INTRODUCTION Vigna radiata (L.) Wilczek, commonly known as greengram or mungbean is the most widely distributed species among the six Asiatic Vigna species. It is one of the predominant sources of protein and certain essential amino acids like lysine and tryptophan in vegetarian diets. It possessed certain added features compared to other pulses. It is relatively drought tolerant and well adapted to a range of soil conditions including light soils and can thrive even under limited irrigation, more over, it is suited for crop rotation and crop mixtures Baldev (1988) and Sadaphal (1988). However, this crop is *Corresponding author Email: mpandiyan8@yahoo.co.in.

suffering from the yield advantage as realized in case of C4 cereals.

Presently, the yield level of green gram as like other pulses is well below the optimum level. The average yield of mungbean is very low not only in India (425 kg/ha) but in entire tropical and subtropical Asia. In Tamil Nadu it is cultivated in an area of 0.163million hectare with a production of 0.78 lakhs tonnes. Besides management factors the prime cause for the low productivity can be ascribed to the inherently low yielding potential of the cultivars coupled with susceptibility to diseases. Stepwise utilization of primary gene pools of this crop can result in tremendous improvement in yield when we used distinct variability available germplasm lines. In order to utilize the variability available in the primary gene pool, it

is imperative to critically characterize and evaluate the available germplasm collections, establishing core collections and employing divergent parents to obtain useful segregants. The core collection concept was suggested by Frankel and Brown (1984), who defined it as a representative sample of a collection where as much as possible of the diversity of the collection, is retained with minimum redundancy.

The core collection is a logical first step in the screening for desirable alleles Holbrook and Anderson (1995). The economy of size makes it possible to increase the number of characteristics evaluated and or to promote the use of other techniques for screening such as molecular markers. Selection of parents from the core collection for hybridization program is likely to generate superior transgressive segregants With a view to evaluate the available germplasm using the descriptors and form the core collection, this study was taken up keeping the following objectives in mind. 1. To evaluate and characterize available germplasm of green gram using NBPGR descriptors. 2. To perform hierarchical cluster analysis and ordinate analysis of available germplasm and to establish core collection following specific scientific principles. 3. To assess genetic components and to perform association analysis among yield and yield attributes within the core collection. MATERIALS AND METHODS Seeds of 646 accessions of greengram were collected from the Department of Pulses and utilized for the study. The field experiments were carried out at Department of Pulses, Centre for Plant Breeding and Genetics (CPBG), Tamil Nadu Agricultural University, Coimbatore during 2002 to 2004 Rabi and Kharif seasons. Each genotype was sown in two single row plot each of four metre length, plants were raised at a spacing of 30 x 10 cm and replicated twice.
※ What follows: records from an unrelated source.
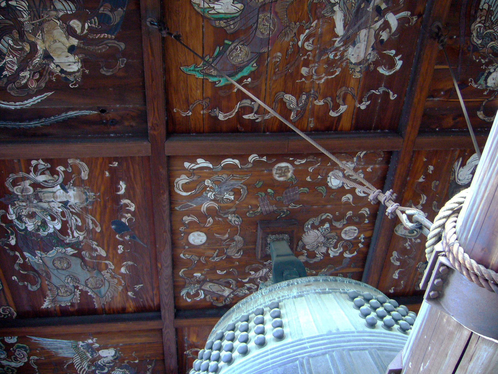 Hōkō-ji, a buddhist temple in Kyoto, Kyoto prefecture, Japan
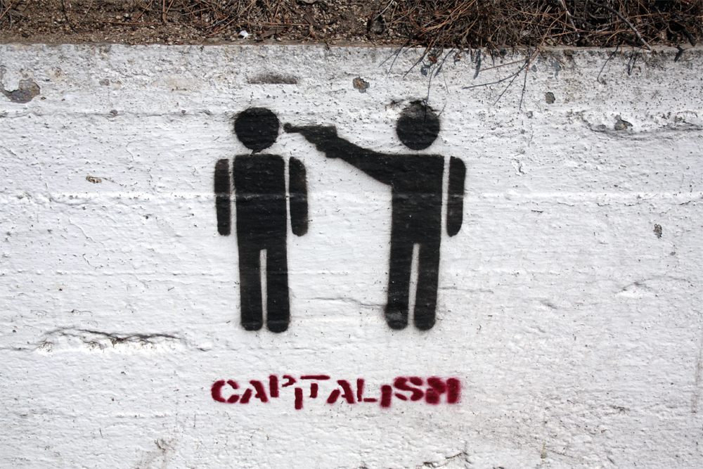 Roadside stencil from Northern Greece
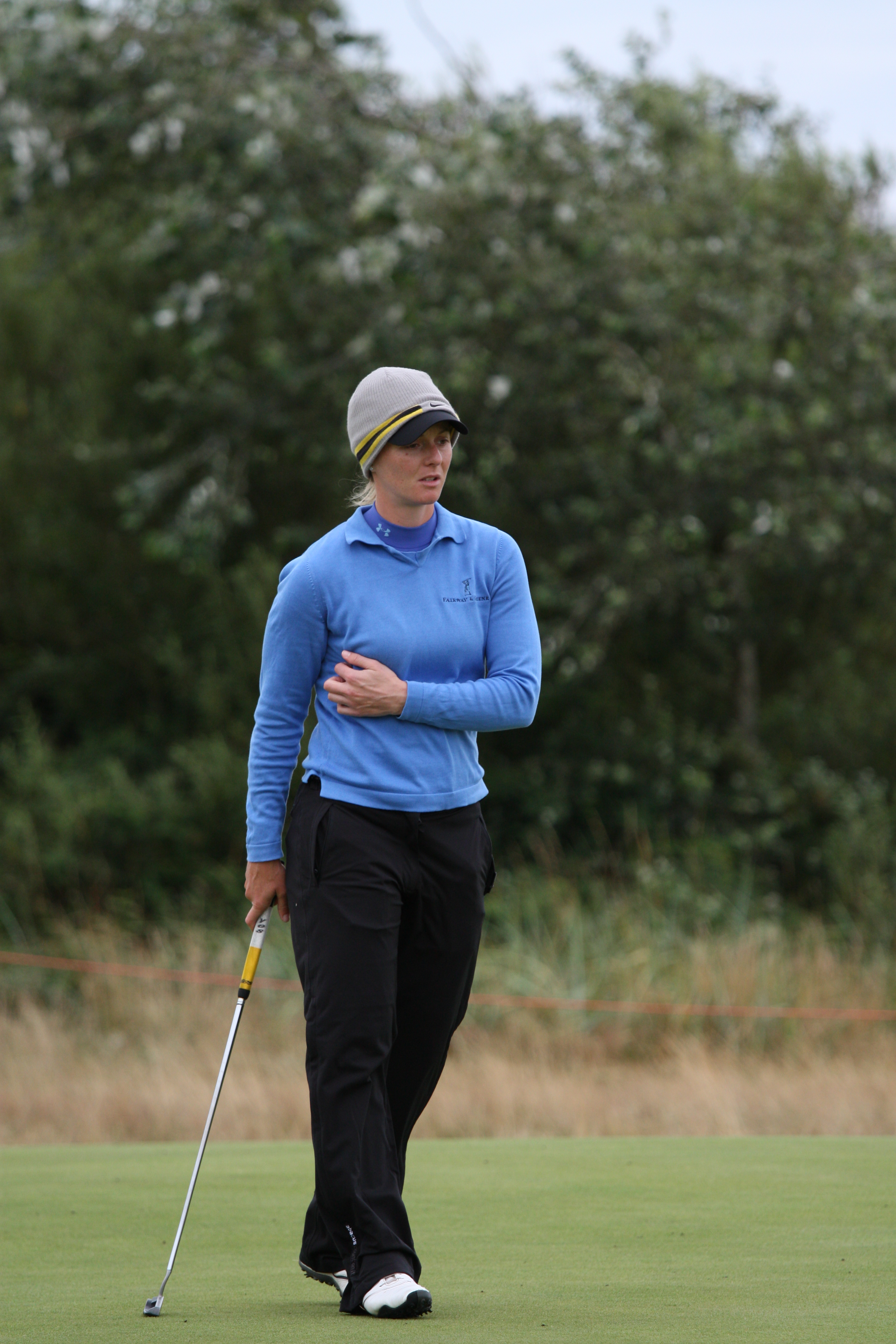 LYTHAM ST ANNES, UNITED KINGDOM - JULY 29: Vikki Laing of Scotland on the 11th green during third practice round before 2009 Ricoh Women's British Open held at Royal Lytham & St Annes on July 29, 2009 in Lytham St Annes, England. (Photo by Wojciech Migda)
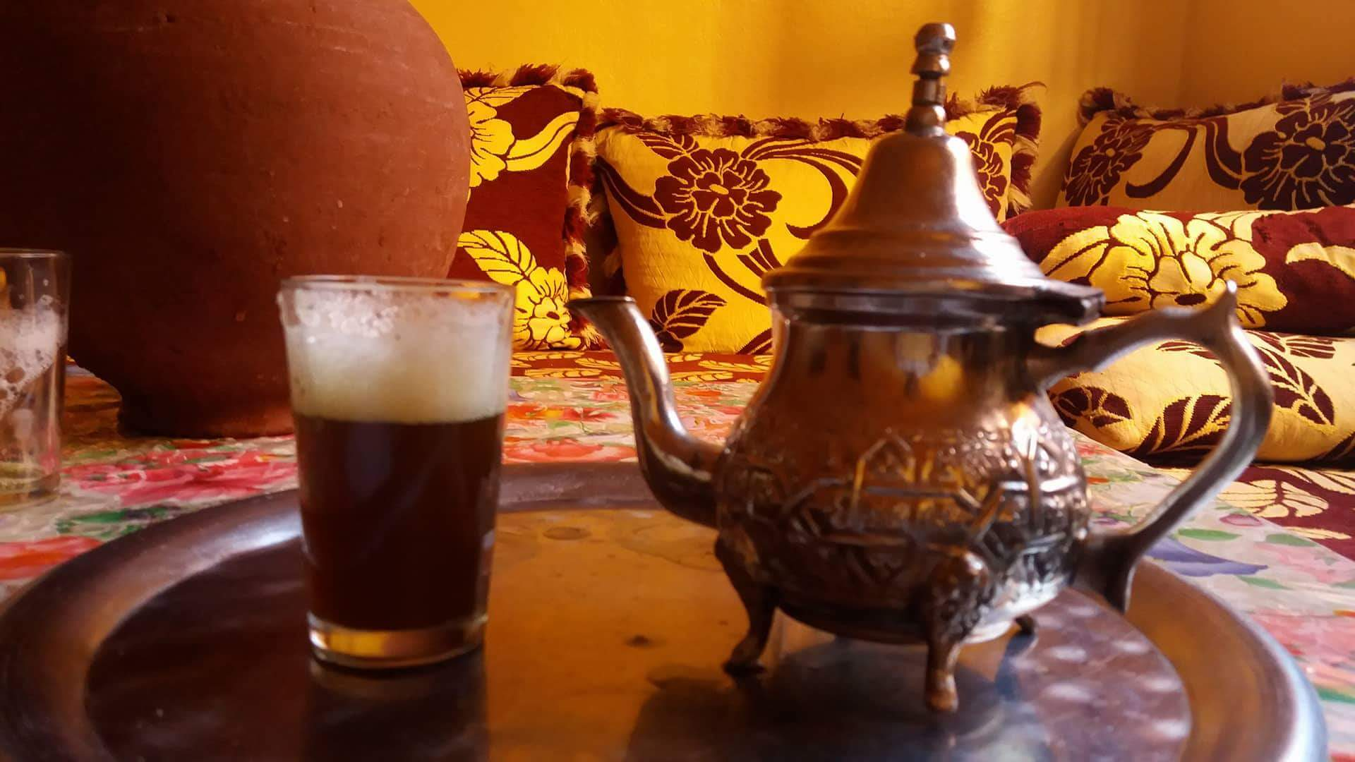 Moroccan Tea, especially in the South, is much more than a pastime.“ Tea is Morocco’s national beverage and favourite pastime. Steeped in ritual and ceremony, it is always served to a guest when in a home or shop. Even a family without electricity, furniture, or an adequate roof will likely own a silver tray and pot for serving tea.
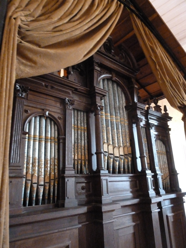 Racholorgan
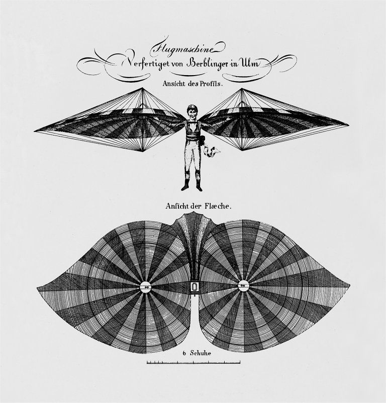 construction design of the plane of Albrecht Berblinger, a flight pioneer called "Schneider von Ulm" (tailor from Ulm).
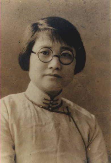 Su Xuelin at the National Wuhan University

The package of practices recommended in the crop production guide was followed. Eighteen quantitative traits viz., plant height (cm), number of branches per plant ,length of branch (cm), days to initial flowering, days to 50% flowering, number of clusters per branch, number of clusters per plant, number of pods per plant, pod length (cm), number of seeds per pod, seed length (cm), seed breadth (cm), hundred seed weight (g), single plant yield (g), dry matter production (g), protein content (%), days to initial maturity and days to full maturity and 37 qualitative characters like days to emergence, growth habit, growth pattern, hypocotyl colour, stem colour, primary leaf shape, terminal leaflet shape, terminal leaflet length, leaf pubescence, leaf colour, petiole colour, petiole length, leaf senescence, peduncle length, raceme position, calyx colour, corolla colour, pod colour at immature pod, colour of ventral suture of immature pod, pod colour at mature stage, attachment of mature pod to peduncle, pod pubescence, pod peak shape, cross-section of the mature pods, seed colour, luster on seed surface, seed shape, twinning tendency, branching pattern, leafiness, flowering period, shattering in the field, reaction to cercospora leaf spot, reaction to powdery mildew, reaction to bacterial leaf spot, reaction to mungbean yellow mosaic virus and reaction to bruchids infestation listed in the NBPGR minimal descriptors The scaling adopted was as per the NBPGR minimal descriptors for greengram

Pandiyan et al. 224 (Kawalkar et al. (1996) ) were recorded in five randomly selected plants in each of the accession per replication.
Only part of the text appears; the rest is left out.